• Exercise objective
The answer must consist solely of the lines from the one containing "50 Ltr Capacity Mild Steel Moulds" through the last line of the records below, repeated exactly, with all pictures omitted.

(Records contained in a dataset)
☆ ☆ ☆ ☆

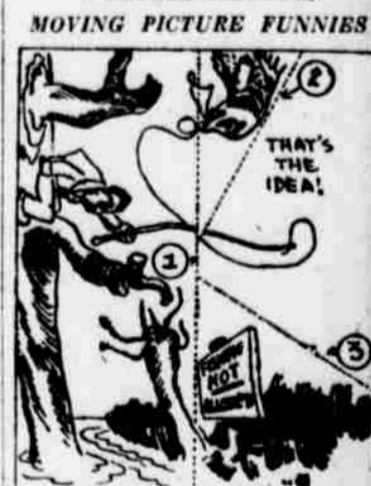
Cut out the picture on all four sides. Then carefully fold dotted line 1 its entire length. Then dotted line 2, and so on. Fold each section underneath, accurately. When completed turn over and you'll find a surprising result. Save the pictures.

News to Him Sam—Ah done heard dat dey fin' Columbus's bones. Kara—Lawd! Ah nevah knew dat he wuz a gamblin' man—Panther.
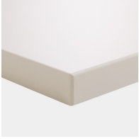
Board material melamine coated with robust plastic edge
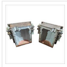
50 Ltr Capacity Mild Steel Moulds
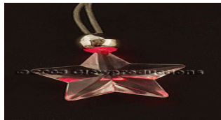
Flashing Star Necklace $3
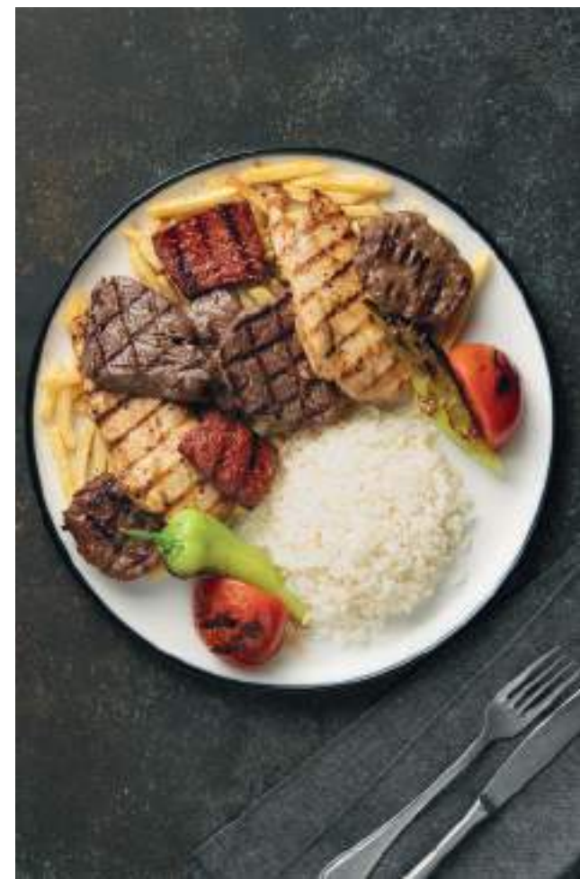
Bowl Grilled Chicken
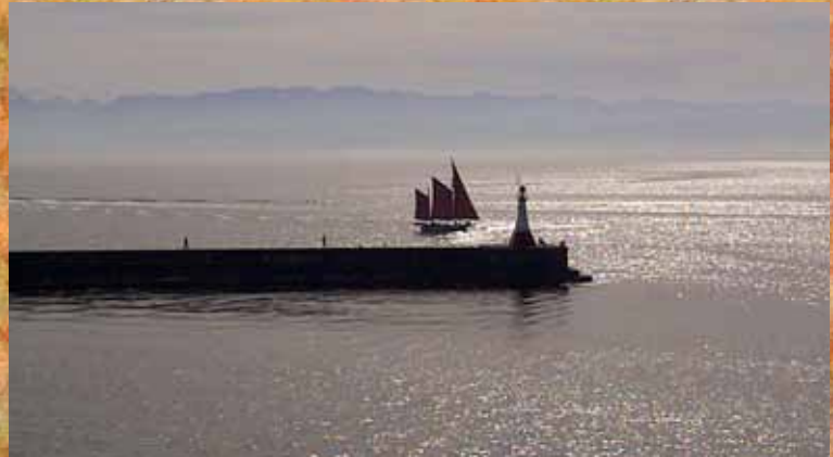
A view of the sea off of our balcony at Victoria. Lovely and placid...
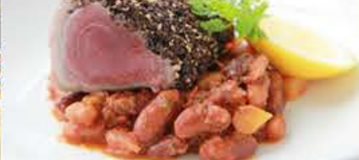
RESPONSIBLE SEAFOOD AT GRAND HYATT KL

☆ ☆ ☆ ☆

• Written reply
50 Ltr Capacity Mild Steel Moulds
Flashing Star Necklace $3
Bowl Grilled Chicken
A view of the sea off of our balcony at Victoria. Lovely and placid...
RESPONSIBLE SEAFOOD AT GRAND HYATT KL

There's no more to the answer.